The response has been great. I saw the article you posted warning about lifetime deals—and interestingly, one of the guys mentioned in it was
our very first lifetime customer! He reached out to us and was incredibly kind. After being burned by previous hosts, I think it was a relief for him to find one he could trust.

We don’t get massive traffic from LEB—Albania isn’t exactly a top-searched category—but maybe 5% of our current users came from there, based on coupon usage. I recently started posting more on LET, and that’s helped, too.

We’ve recouped our yearly costs, but we’re not quite ready to pay for tags yet. Hopefully, after this article and our July offer, that changes!

Q: A big differentiator is that your hosting is actually in Albania. What else sets you apart?

Yes—our servers are physically in Albania, not just “geoIP.” We also own all of our hardware—no leased dedicated servers. We pay all our major costs at least a year in advance, reducing financial risk. We don’t oversell resources, and we’re not trying to get rich—just live comfortably.

Because we stay small, we can offer personal support and tailored configurations. Someone might say, “I need 2TB of HDD, 250GB SSD, 8GB RAM, 8vCPU, and Linux Mint with remote access,” and while that’s not a standard package, we’ll gladly set it up. Larger hosts often can’t accommodate that level of flexibility.

Q: What does “Anushka” mean? It’s the name of one of your nodes.

“Anushka” is a family nickname. My wife’s name is Anisia, and her dad—who grew up during the communist era with an admiration for Russia—calls her Anushka. So we named the node after her.

Q: You’re using Proxmox for hosting. That’s less common—why?

Proxmox gives us a lot of advantages: it’s open-source, uses KVM, has a robust API, and runs on Debian—which is my favorite distro.

Debian’s simplicity and low overhead are ideal. Our servers run Proxmox (which is Debian underneath), along with BIRD2 and Pathvector for BGP. We can do custom routing directly in /etc/network/interfaces. The BGP setup is efficient: direct client routing, iBGP between servers, and no extra layers needed.

The only downside to Proxmox is LXC. While it seems great—no need for special kernel modules—it lacks proper isolation. For example, with OpenVZ, htop would only show guest processes. With LXC, it leaks host /sys into the container. So while we’d love to offer lightweight containers, we currently only offer KVM. Proxmox is excellent at that.

Q: Your networking strategy favors guaranteed bandwidth over shared high burst speeds. What’s the response been?

Overall, very positive. Most applications—mail servers, web servers, etc.—don’t need more than 100Mbps. VPN users or people doing speed tests may notice the cap, but for real-world use, 100Mbps is more than enough.

Let’s break it down:

100Mbps = 6Gb/min = 360Gb/hr = 8.6TB/day = 259TB/month.

That’s far more than most people actually use.

Other hosts may offer 1Gbps but cap you at 2–15TB/month.

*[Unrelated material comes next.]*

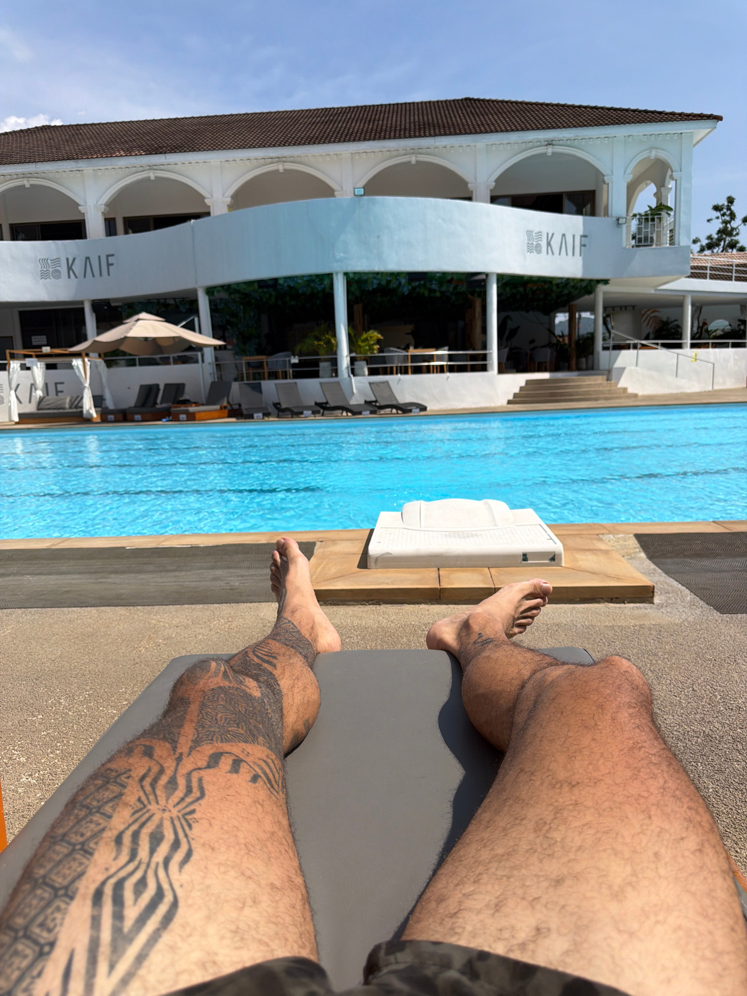 A first-person, eye-level perspective captures a person relaxing poolside at the KAIF Cafe & Eatery in Kathu, Thailand. The person's bare legs are visible in the lower and right portions of the frame,…read more

So in practice, our model gives people more usable bandwidth, not less.

Also, fun fact—no YouTube or Netflix ads on Albanian IPs. 😉

Q: Where do you see AVS ISP going?

We want to grow, but in a very controlled, sustainable way. We don’t want to be a big, public company—we just want to keep doing what we
love, working directly with customers, and keeping it personal.

Eventually, we’d like to earn a Patreon provider tag on LET, give back to the community, and never forget where we started.

Q: What else should people know about AVS ISP?

When you sign up with AVS ISP, you’re supporting a real, family-run business that truly cares. We tailor things to your needs. Got a weird request? Just ask.

We’re not fully managed, and we’re not unmanaged—we’re something in between. We give you full control but we’re here to help when you need it. We’ve rescued broken VMs, debugged client-side issues, walked people through BGP setups—whatever it takes.

We’re experienced, responsive, and genuinely want our customers to succeed. We’re not here to push volume—we’re here to build something lasting and meaningful.